Team:WashU StLouis/modeling

Washington University - Penn State iGEM

Welcome To Our Website!
WashU and Penn State   iGEM 2015
Project Description Let's Talk Apply for the 2016 iGEM Team!

What is a genome-scale metabolic model?

A genome-scale metabolic model (GSM) is a network reconstruction of all known metabolic reactions in an organism and the genes that encode each associated enzyme.1 Through the construction of these networks, we can assess the metabolic capabilities of an organism as well as its potential to produce biologically useful metabolites.

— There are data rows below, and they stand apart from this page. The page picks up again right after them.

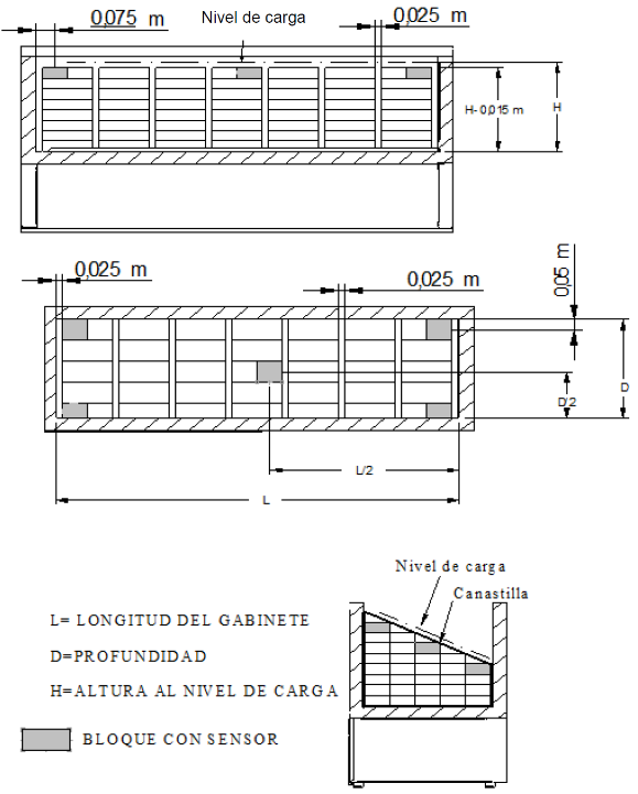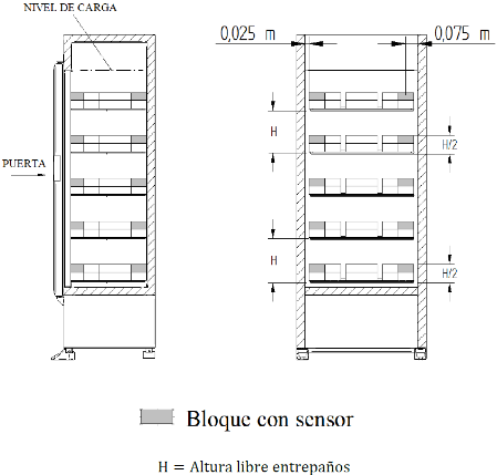 E.7.2 La columna de bloques de prueba debe estar separada 0,025 m ± 0,005 m de la pared del gabinete y de igual manera para la separación de cada columna de bloques de prueba. Se deben colocar cinco bloques con sensor en la fila superior cercanos al nivel de carga de cada entrepaño y uno de los sensores debe ser colocado en el centro geométrico del entrepaño de la vitrina, como se ejemplifica en la Figura E.18; si la vitrina incluye cualquier tipo de estructura en su centro, el sensor puede ser colocado a la derecha, a la izquierda, al frente o atrás de tal estructura separado 0,025 m.
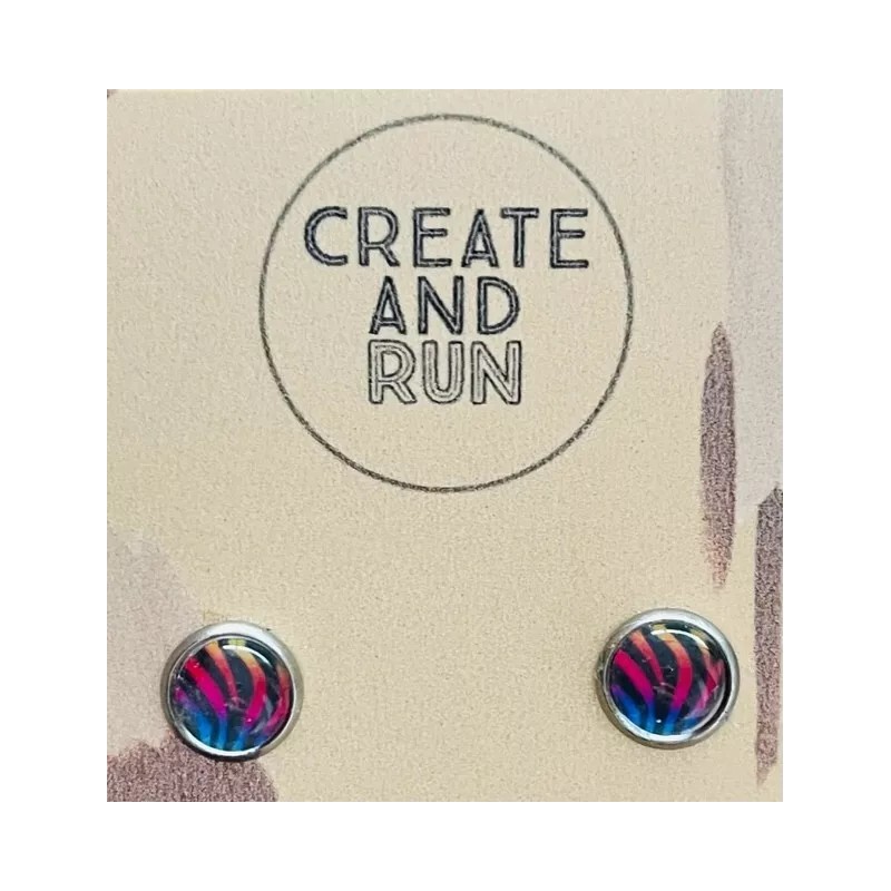 Artisan Hypoallergenic 8mm Stainless Studs Glass Dome Rainbow Zebra Stripes RTS
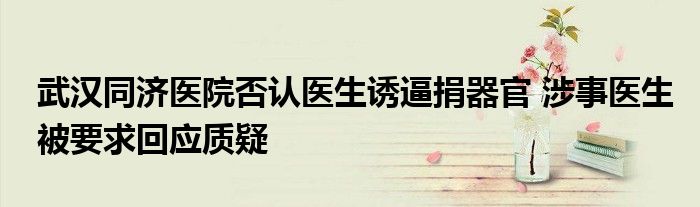 武汉同济医院否认医生诱逼捐器官 涉事医生被要求回应质疑

What are the components of a genome-scale model

  • Gene-Protein-Reaction (GPR) relationships
  • Set of known metabolic reactions represented in a stoichiometric matrix. Identifies stoichiometric coefficients and directionality associated with each reaction.
  • Scaled biomass equation. Assumes flux through the biomass equation is equal to the exponential growth rate of the organism. This is made from experimental measurements of biomass components.

You can download our GSM, adapted from a published model of E. coli strain DH10B (Monk et al)[2], of nitrogen-fixing E. coli (strain WM1788) here.

What is flux balance analysis?

Flux balance analysis, or FBA, is the method by which we determine the flow of metabolites, or flux, through the constructed metabolic network of a GSM1. FBA allows us to predict growth rates of an organism under certain media conditions, along with the production levels of targeted metabolites, such as ATP.

E. Coli StrainMaximum BiomassMaximum ATP
DH10B.8214513.154784
K-12 MG1655.8212333.153125
JM109.8212333.153125
WM1788 (Wild Type) .8212333.153125
WM1788 (Nitrogen-fixing).4545313.155221*

Sample FBA outputs for several E.coli strain models. Values are in mmol/(gram cell dry weight * hour)

*Note that the units for maximum ATP are tied to biomass; therefore the maximum ATP value for nitrogen fixing E. coli is actually much lower, not higher, than the wild type values.

Mass balance constraints are imposed on each metabolite using the stoichiometric coefficients of each metabolic reaction and the assumption that the organism is in the logarithmic growth phase (i.e. its metabolic fluxes are at steady state). This assumes that the total amount of any compound being produced is equal to the total amount being consumed. Upper and lower bounds are also applied to constrain the maximum fluxes based on the directionality of the reactions.

(from Orth et al)[1]

Linear programming is then used to identify the flux distribution throughout the model in order to maximize the flux through the biomass equation, subject to the previously defined constraints.

Our modeling hypothesis:

How can we use genome scale modeling and flux balance analysis to optimize nitrogenase activity in vivo?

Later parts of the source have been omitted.